We picked up Bea the next evening. She was loopy with sedation, shaved half-naked, and wearing the requisite satellite dish. Thus began the longest night of my life.
Poor Miss Bea couldn’t lie down or get comfortable that night (or the next two).
I lay awake on the couch with her as she miserably tried to wedge her cone up on a pillow or piece of furniture to hold the weight of her head as she tried to fall asleep standing up.
As her legs began to inevitably collapse she would leap up shrieking and wailing and run around in circles panting only to settle down and try it again and again.
She finally managed to pass out on her side at 5 am that first night for about 90 continuous minutes (me too).
I made “stairs” out of couch cushions so she could get up and down without hopping and could prop her cone of shame in various ways.
The next morning I took her to her regular vet for a check-up and to see if there were more sedation options to let her recover in peace.
The regular vet added an anti-inflammatory to the mix which seemed to help a bit. Although the head-propping sleeping-standing routine did continue for two more nights, each night she was able to give up and lie down on her side a little earlier than the previous, and slept all through the night on the fourth night.
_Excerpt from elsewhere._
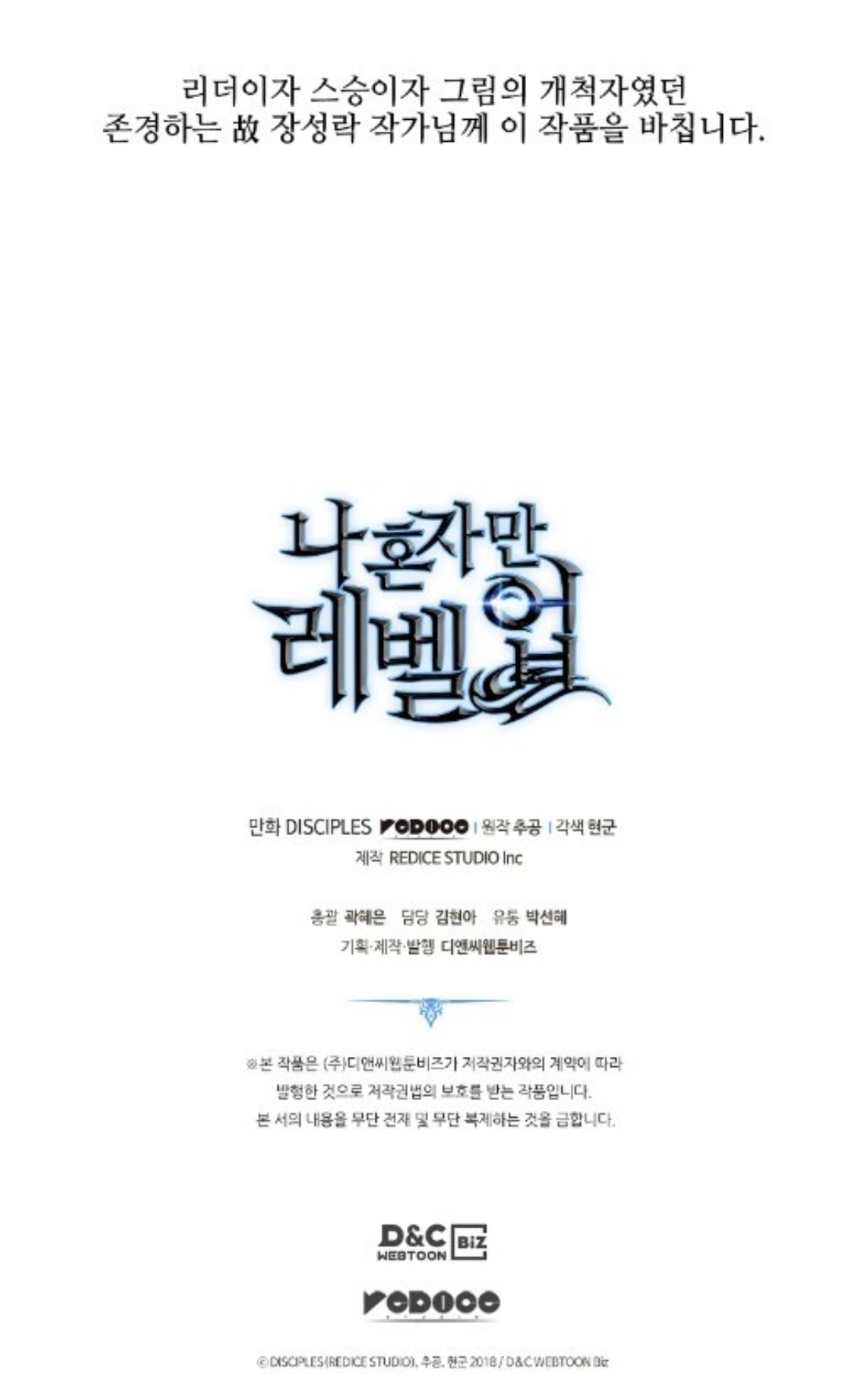 나 혼자만 레벨업 그림작가 : 장성락(별세 22.07.23)

I stayed home with her and slept with her on the low bed in the guestroom. By day five she reached the “too active for her own good” phase of recuperation, finally pooped (first since the surgery), and could lay on a bed chewing a bone like the cone of shame was a fashion statement and not a torture device.
What I Learned
While I can’t recommend emergency surgery as a training tool, the week I spent nursing my girl back to health has deeply strengthened our bond.
She and her dog brother Rudy had to be kept separate during her recovery, but were delighted to play and walk together immediately after the week of isolation was over (she was very growly at him while she was hurt, understandably).